3. The department's plea against the time bar is that the whole arrangement of paying the sugar rebate in anticipation of actual clearances of the excess produced sugar was an extra-legal one, not backed by any statutory rules, and, therefore, the payment made to the respondents ought to be treated as provisional. We find no merit in this plea. Apart from the fact that there is no provision in the Central Excises & Salt Act, 1944 or in the Central Excise Rules, 1944 to grant any provisional refund, in the present case at least the rebate paid towards the quantity exported could not be treated as provisional because the full facts of the export were within the department's knowledge when it determined and paid the said rebate.
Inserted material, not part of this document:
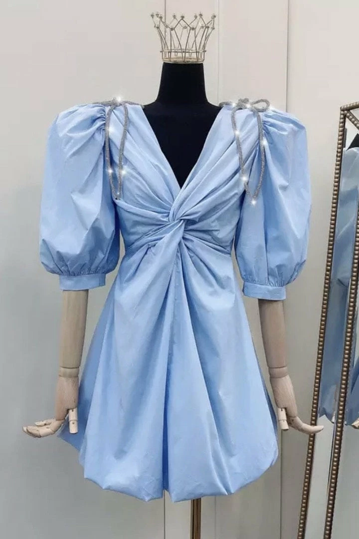The cutest summer dress! This piece features short puff sleeves, rhinestone bow details, zipper closure, and a mini length. Pair with nude heels and a summer glow!
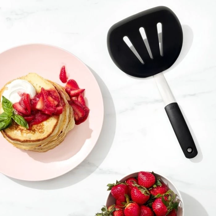 Our Silicone Flexible Turners combine the strength of stainless steel with the heat resistance and non-stick friendliness of a silicone outer layer. Thin, flexible edges glide under foods in the pan to keep them intact. The Pancake Turner easily flips pancakes, burgers and more.

The Collector has come to us with a statutory appeal. This Tribunal has to dispose of the appeal in accordance with the provisions of the Statute only. If the department wishes to have relief on the ground that what it had been doing was extra-legal, the remedy, if any, should have to be sought elsewhere.

4. On the facts of this case, we hold that the demand issued by the department was clearly time-barred under Rule 10 and it has to be set aside as such. Consequently, the appeal filed by the department for the restoration of the said demand is also rejected.